A new pilot aims to tackle a key problem faced by carmakers: using glue to adhere foams to plastics and metals can make disassembling parts for recycling nearly impossible.

To unlock the secrets of the gecko’s pads, which can reportedly support up to 132 kilograms, Ford is teaming up with Procter & Gamble and the Biomimicry Institute to research the creature.

“The gecko could inspire a host of adhesive innovations for global applications at Ford,” said Debbie Mielewski, Ford senior technical leader for plastics and sustainability research.

“Solving this problem could provide cost savings and certainly an environmental savings. It means we could increase the recycling of more foam and plastics, and further reduce our environmental footprint.”

As part of the project, Ford recently hosted a forum at its Dearborn campus alongside its partners, where 200 designers and researchers were taught about biomimicry and how to apply it to their work.


Taking inspiration from nature is not new.

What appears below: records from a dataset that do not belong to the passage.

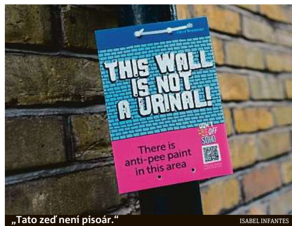
„Tato zeď není pisoár.“

Městská rada se inspirovala zkušenostmi z jiných měst, zejména v Německu. Vybrala deset fasád, kde náter použila. Kolemjdoucí va-
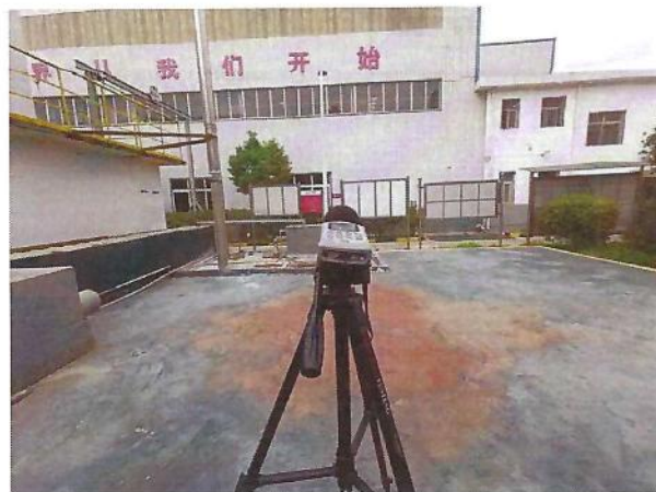
厂界（▲1）噪声监测点位
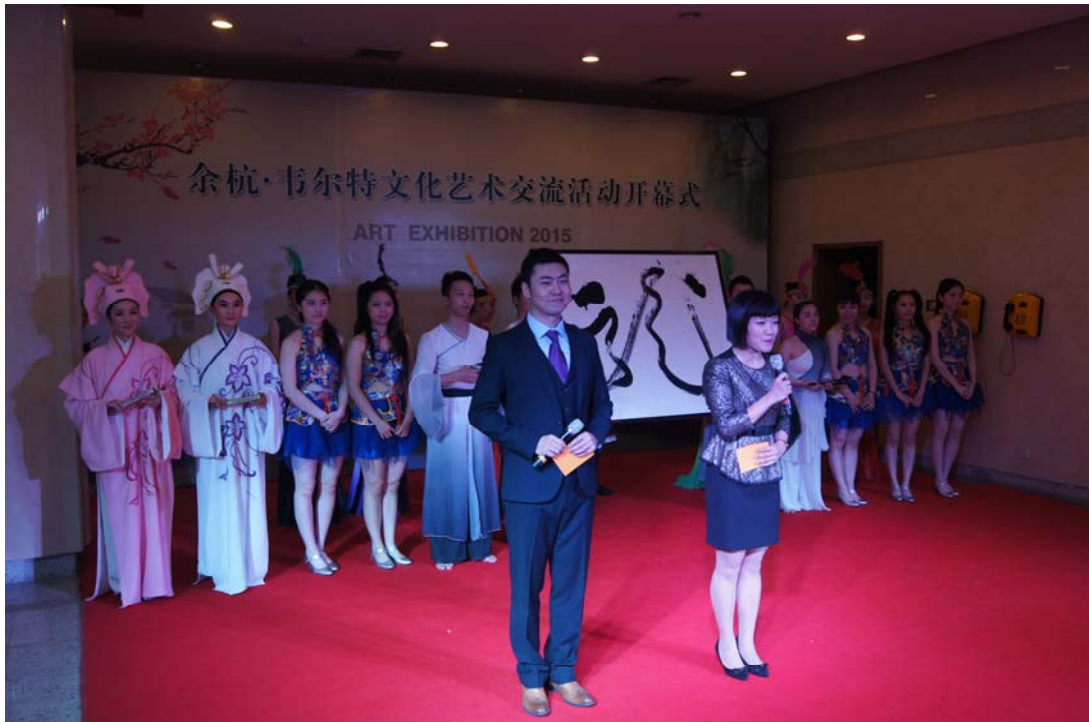
Ceremoniële opening van de return van Art Spectrum
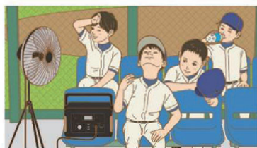
屋外イベントに（扇風機など）

The famous Japanese bullet train was inspired by the kingfisher, Velcro took its cues from a burr, and improved medical needles were developed based on the mosquito.

Ford’s sustainable development spokesperson Carol Kordich said: “As we look to further our commitment to reducing our environmental footprint, taking a holistic, biomimetic approach makes sense because nature has efficiencies in design and uses minimal resources, nature is the ultimate guide.”

Sea change

The project follows a flurry of sustainability commitments from international carmakers in the wake of the VW emissions scandal.

Last week, Ford announced that energy efficiency upgrades in its European factories would soon be saving enough energy to run the city of Oxford.

Likewise Toyota unveiled a series of environmental pledges, including a plan to cut emissions from its vehicles and products by 90% by 2050.

Last week Volvo also announced a comprehensive electrification strategy which will see plug-in hybrids introduced across its entire range and a fully electric car on sale by 2019.